> [What the task requires] The required output is the stretch from the line containing "Marble quarry worker" through the line containing "图为杨传堂、冯正霖等参观天津" in the records below, unaltered and with no pictures.

> [Given entries]
- - - -

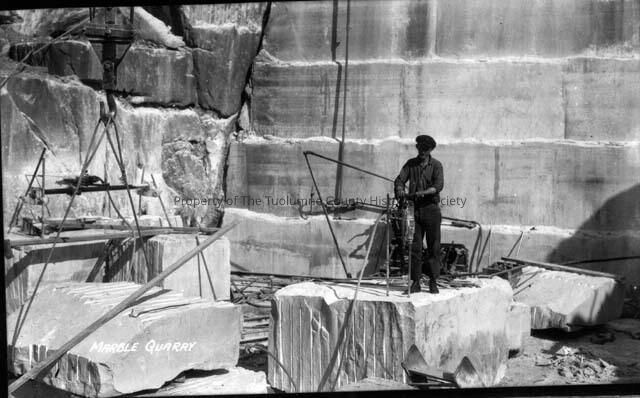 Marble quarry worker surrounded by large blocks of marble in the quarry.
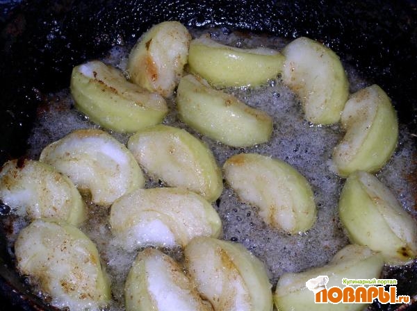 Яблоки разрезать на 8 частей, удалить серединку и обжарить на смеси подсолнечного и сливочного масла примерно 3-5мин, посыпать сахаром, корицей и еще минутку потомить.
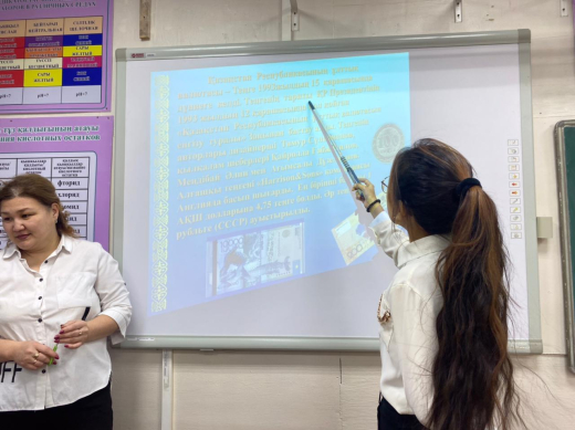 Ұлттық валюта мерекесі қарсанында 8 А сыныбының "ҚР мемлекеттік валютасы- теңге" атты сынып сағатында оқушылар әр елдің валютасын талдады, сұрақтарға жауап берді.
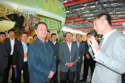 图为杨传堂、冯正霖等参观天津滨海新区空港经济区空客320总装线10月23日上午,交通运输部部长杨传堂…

- - - -

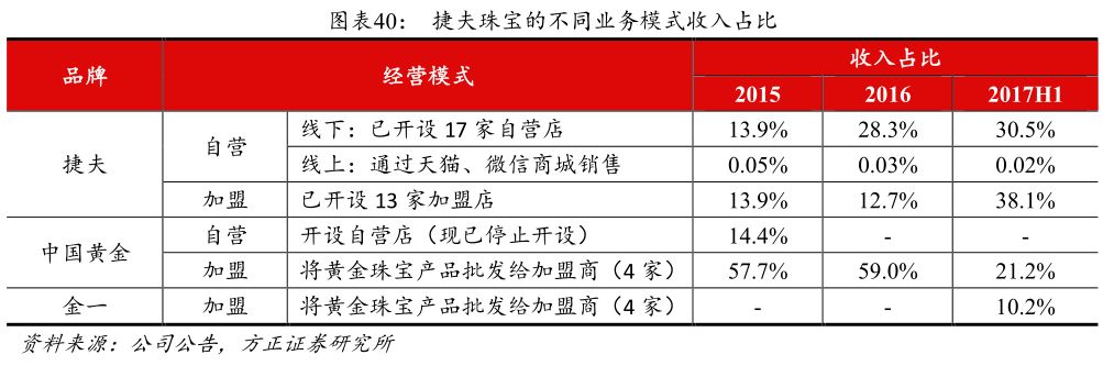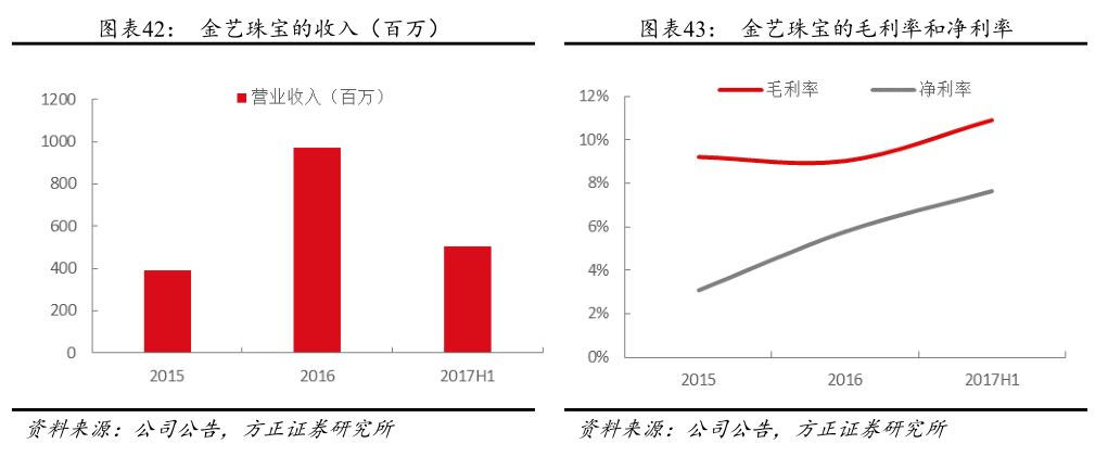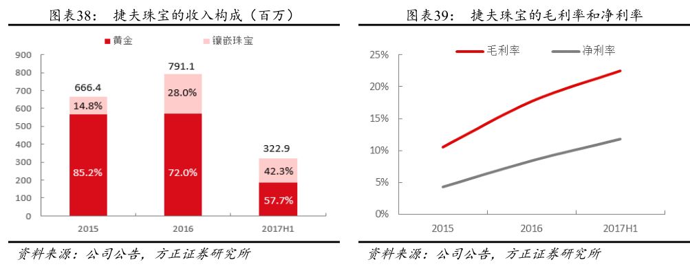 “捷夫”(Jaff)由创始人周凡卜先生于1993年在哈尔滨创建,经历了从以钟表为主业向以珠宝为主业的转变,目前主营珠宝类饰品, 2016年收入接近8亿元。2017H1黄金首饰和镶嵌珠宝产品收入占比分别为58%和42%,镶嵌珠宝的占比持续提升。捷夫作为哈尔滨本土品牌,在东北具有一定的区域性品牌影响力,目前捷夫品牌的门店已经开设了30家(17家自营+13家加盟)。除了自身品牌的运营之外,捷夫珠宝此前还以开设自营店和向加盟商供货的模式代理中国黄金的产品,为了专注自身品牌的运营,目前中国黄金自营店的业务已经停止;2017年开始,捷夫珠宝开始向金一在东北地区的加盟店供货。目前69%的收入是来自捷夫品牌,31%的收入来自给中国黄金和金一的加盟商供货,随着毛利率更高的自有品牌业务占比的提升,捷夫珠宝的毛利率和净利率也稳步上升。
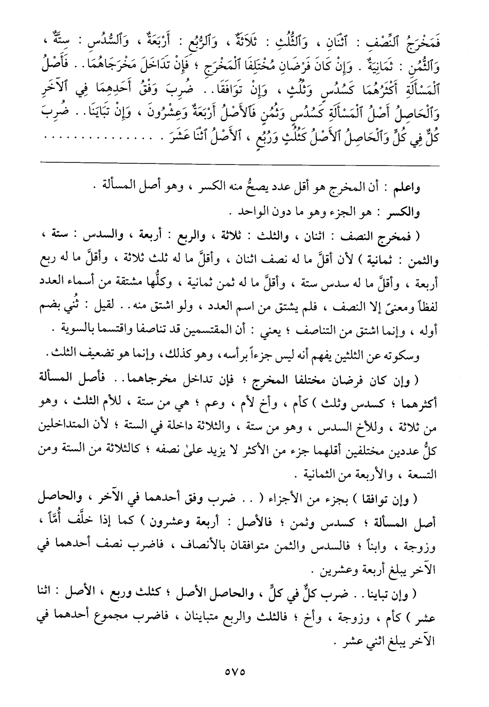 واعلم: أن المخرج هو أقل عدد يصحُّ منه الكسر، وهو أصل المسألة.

- - - -

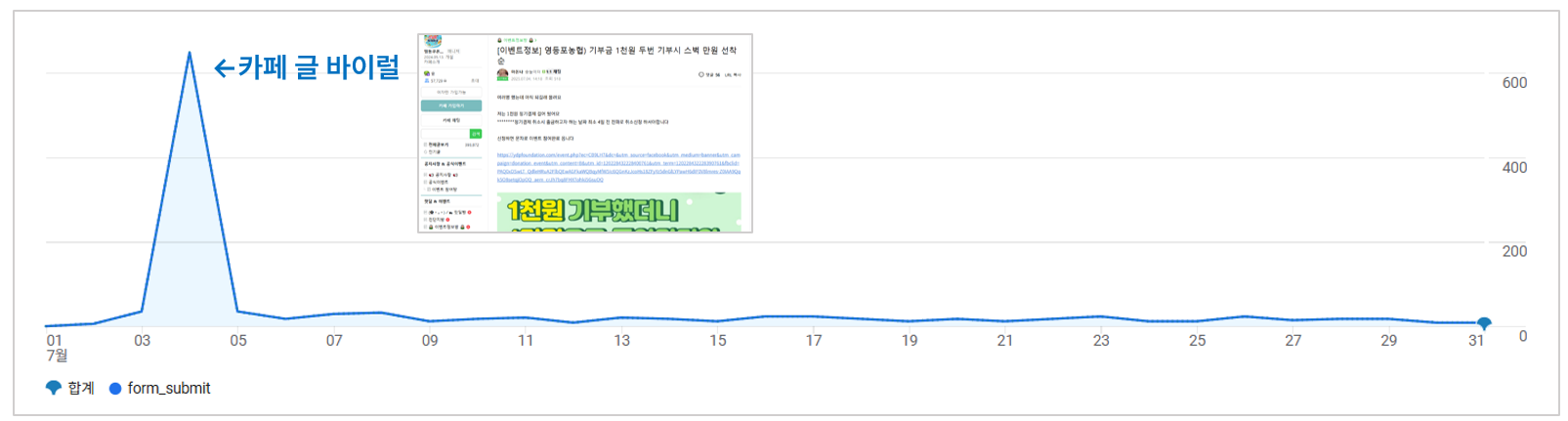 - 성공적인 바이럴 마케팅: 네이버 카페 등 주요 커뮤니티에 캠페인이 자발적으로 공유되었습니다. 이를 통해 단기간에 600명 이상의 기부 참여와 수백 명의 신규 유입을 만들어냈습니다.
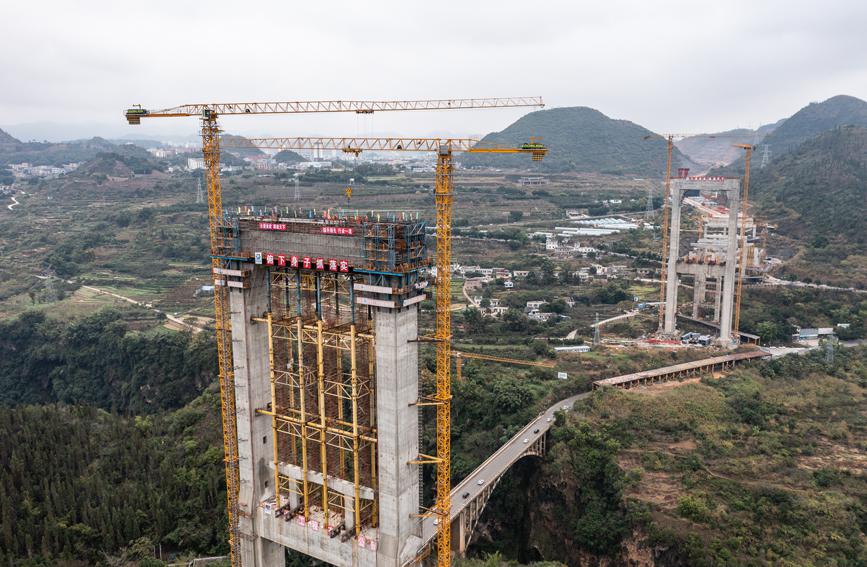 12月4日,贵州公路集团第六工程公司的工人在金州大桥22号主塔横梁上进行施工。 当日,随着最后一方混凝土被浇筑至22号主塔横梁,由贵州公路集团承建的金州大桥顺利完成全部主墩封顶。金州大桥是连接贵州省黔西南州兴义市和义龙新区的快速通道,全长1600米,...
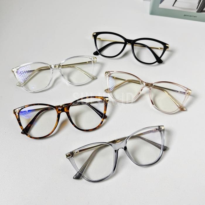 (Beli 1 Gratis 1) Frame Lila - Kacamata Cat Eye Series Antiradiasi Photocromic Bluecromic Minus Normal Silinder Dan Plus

- - - -

> [Completed exercise]
 Marble quarry worker surrounded by large blocks of marble in the quarry.
 Яблоки разрезать на 8 частей, удалить серединку и обжарить на смеси подсолнечного и сливочного масла примерно 3-5мин, посыпать сахаром, корицей и еще минутку потомить.
 Ұлттық валюта мерекесі қарсанында 8 А сыныбының "ҚР мемлекеттік валютасы- теңге" атты сынып сағатында оқушылар әр елдің валютасын талдады, сұрақтарға жауап берді.
 图为杨传堂、冯正霖等参观天津滨海新区空港经济区空客320总装线10月23日上午,交通运输部部长杨传堂…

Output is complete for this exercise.